The controller may be accessed by using a card carrying a code which when read by a card reader energizes the driver(s) to release the handle(s). Alternatively, the controller may include a radio or infrared receiver adapted to receive a coded signal from a transmitter carried by the attendant. When the attendant activates the transmitter a signal is sent which, if the signal contains the acceptable code, causes the controller to energize the driver(s) to release the handle(s). Still further, a data entry device such as a keypad may be provided to send signals to the controller to energize the driver(s).
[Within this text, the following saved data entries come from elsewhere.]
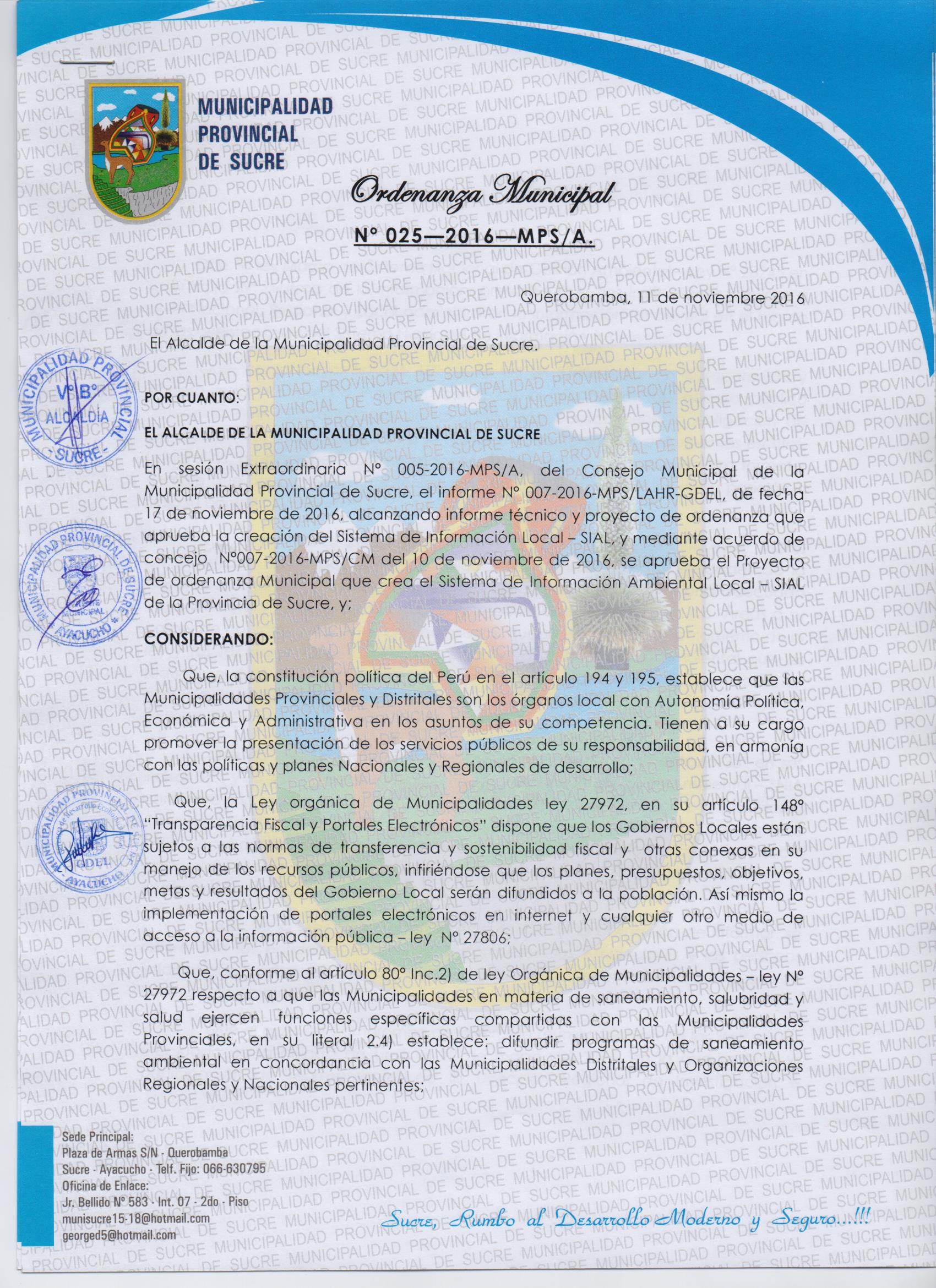 Ordenanza de creacion del SIAL - Sucre
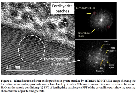 數據來源:反應后黃鐵礦表面的HRTEM圖像及FFT分析展示在 文檔圖5中。
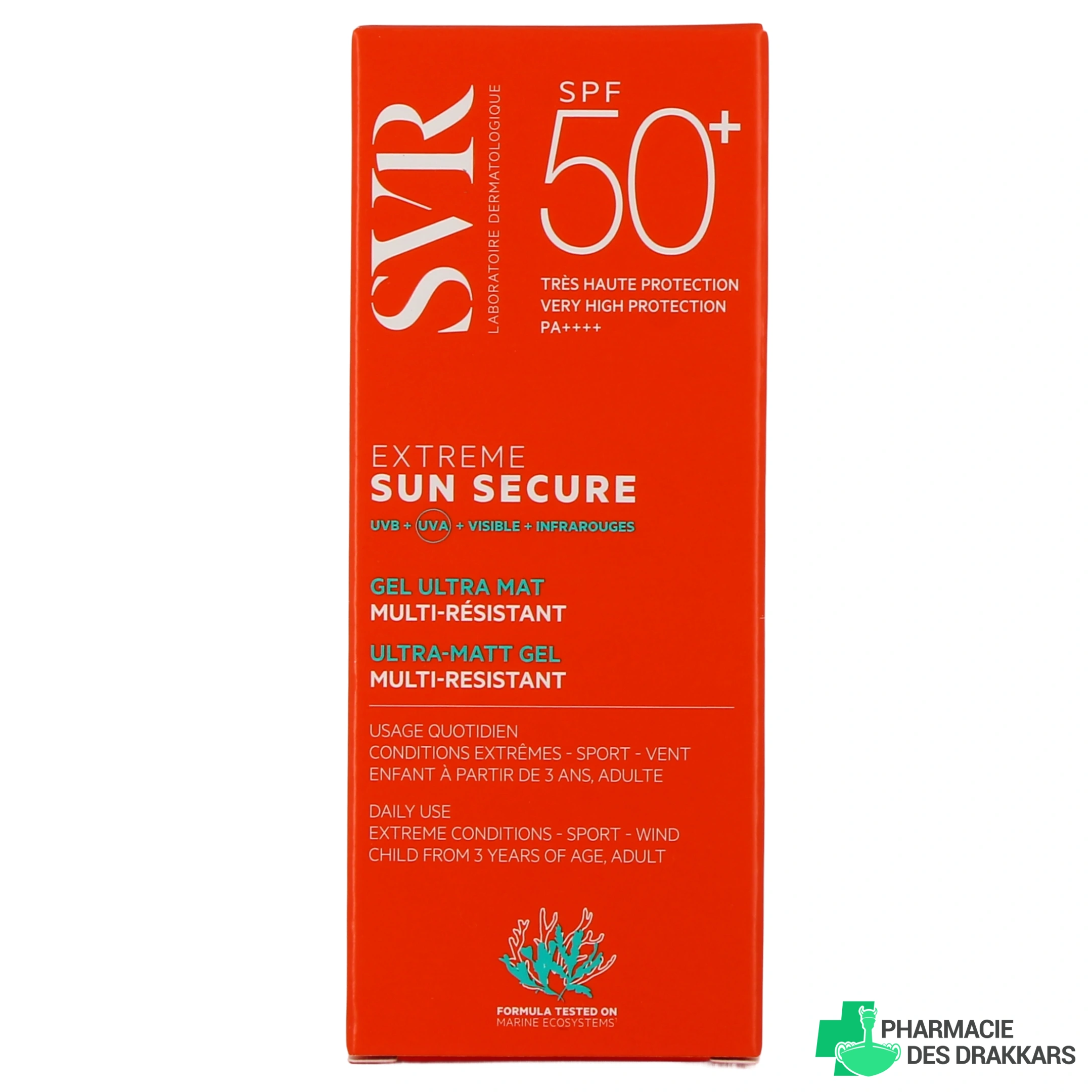 Sun Secure Extrême SPF 50+ est une protection solaire de la marque SVR. Multi-résistant et ultra-mat, il est idéal pour les activités sportives en extérieur et les conditions extrêmes.

The processor may be in communication with a central data processing unit to monitor the opening and closing of the hopper doors and log information such as the identity of the attendant emptying the hoppers, date, time of day, location, etc. If a card or transmitter is lost or stolen, the central data processor may be adapted to reset the acceptable codes for the controllers or block the code for the lost card or transmitter.
This application is a continuation-in-part application of commonly owned application Ser. No. 08/975,786 filed Nov. 21, 1997, now U.S. Pat. No. 5,876,285 and entitled "Cabinet and Hopper Combination For Gaming Machines".